A review of existing literature highlights the effectiveness of LSTM networks in financial forecasting, the usefulness of statistical methods for anomaly detection, and the growing adoption of OCR and speech technologies in user-centric applications. Compared with conventional finance tools such as Mint, YNAB, Walnut, and Money Manager, FinFusion uniquely combines forecasting, anomaly detection, OCR input, voice commands, and collaborative expense management.
The platform follows a modular full-stack architecture consisting of a React-based frontend, FastAPI backend, machine learning modules, and a SQLAlchemy-SQLite database. Transactions can be entered manually, through receipt scanning, or via voice commands. The analytics layer transforms daily spending records into an 11-feature dataset containing rolling averages, volatility measures, cyclical calendar features, and spending indicators. These engineered features are used by a stacked LSTM model to generate future expenditure forecasts and confidence scores.

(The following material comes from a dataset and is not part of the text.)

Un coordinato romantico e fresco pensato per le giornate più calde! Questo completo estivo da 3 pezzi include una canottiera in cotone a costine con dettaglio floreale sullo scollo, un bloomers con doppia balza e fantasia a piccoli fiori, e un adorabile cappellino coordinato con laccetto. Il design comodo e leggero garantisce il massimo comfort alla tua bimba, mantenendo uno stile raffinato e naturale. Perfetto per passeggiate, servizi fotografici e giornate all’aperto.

Simultaneously, anomaly detection algorithms identify unusual spending patterns and generate explainable insights.
Additional modules include adaptive budgeting, OCR-based receipt processing, JWT-secured authentication, interactive dashboards, and a Splitwise-style group expense management system. Group expenses are maintained separately to prevent distortion of personal financial analytics. The platform also integrates cloud storage and notification services for receipt management and alerts.
Conclusion
This paper presented FinFusion, a full-stack AI-powered personal finance management platform that extends beyond the reactive ledger-based approach of traditional finance applications. By integrating LSTM-based expenditure forecasting, adaptive budgeting, anomaly detection, OCR-based receipt parsing, browser-native voice interaction, explainable AI insights, and Splitwise-style collaborative expense management, the system addresses the prediction, diagnostic, interaction, and collaborative dimensions of modern personal finance management within a unified architecture.

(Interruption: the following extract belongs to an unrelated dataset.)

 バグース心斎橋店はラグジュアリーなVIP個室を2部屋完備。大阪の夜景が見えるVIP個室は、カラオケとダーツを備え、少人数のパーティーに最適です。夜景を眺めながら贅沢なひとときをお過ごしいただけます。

The platform was evaluated on a real multi-year dataset containing 12,030 cleaned expense transactions spanning four calendar years. Experimental results demonstrated stable 30-day expenditure forecasting with confidence-based prediction analysis, effective anomaly detection using z-score and Isolation Forest techniques, and reliable OCR-based transaction extraction with an observed confidence score of 81% on real retail receipts. The adaptive budgeting engine successfully generated proactive spending recommendations and category-level budget pressure analysis, while the voice interaction layer enabled lightweight browser-native speech control without external NLP dependencies.
The Splitwise-style collaborative finance module further extended the system by supporting equal, percentage-based, and custom expense splitting with dynamic settlement tracking and repayment optimisation. Importantly, collaborative transactions remained isolated from the personal forecasting and anomaly detection pipelines, preserving the accuracy of individual financial modelling.

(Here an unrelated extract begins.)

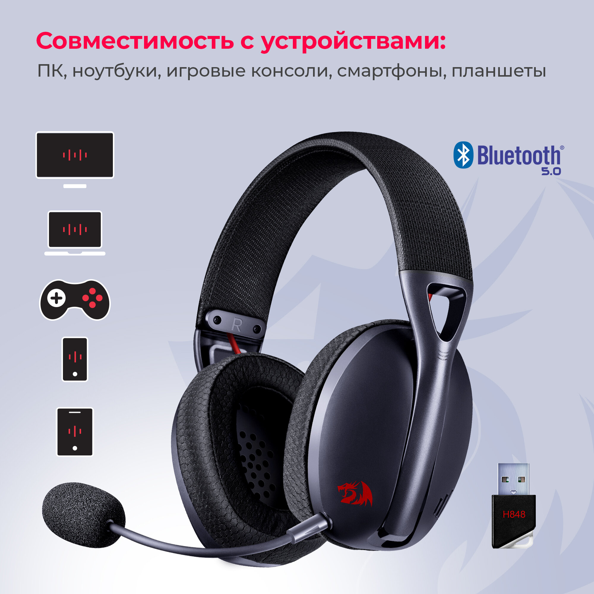 Гарнитура игровая Redragon Ire Pro, для компьютера и игровых консолей, накладные, Bluetooth/радио, черный [71535] 7 500 ₽ Подробнее

Overall, FinFusion demonstrates that intelligent personal finance management can be achieved through the integration of machine learning, explainable analytics, multimodal interaction, and collaborative financial tracking within a scalable full-stack architecture. The proposed system transforms traditional expense tracking into a proactive, interpretable, and user-centric financial assistance platform suitable for real-world deployment.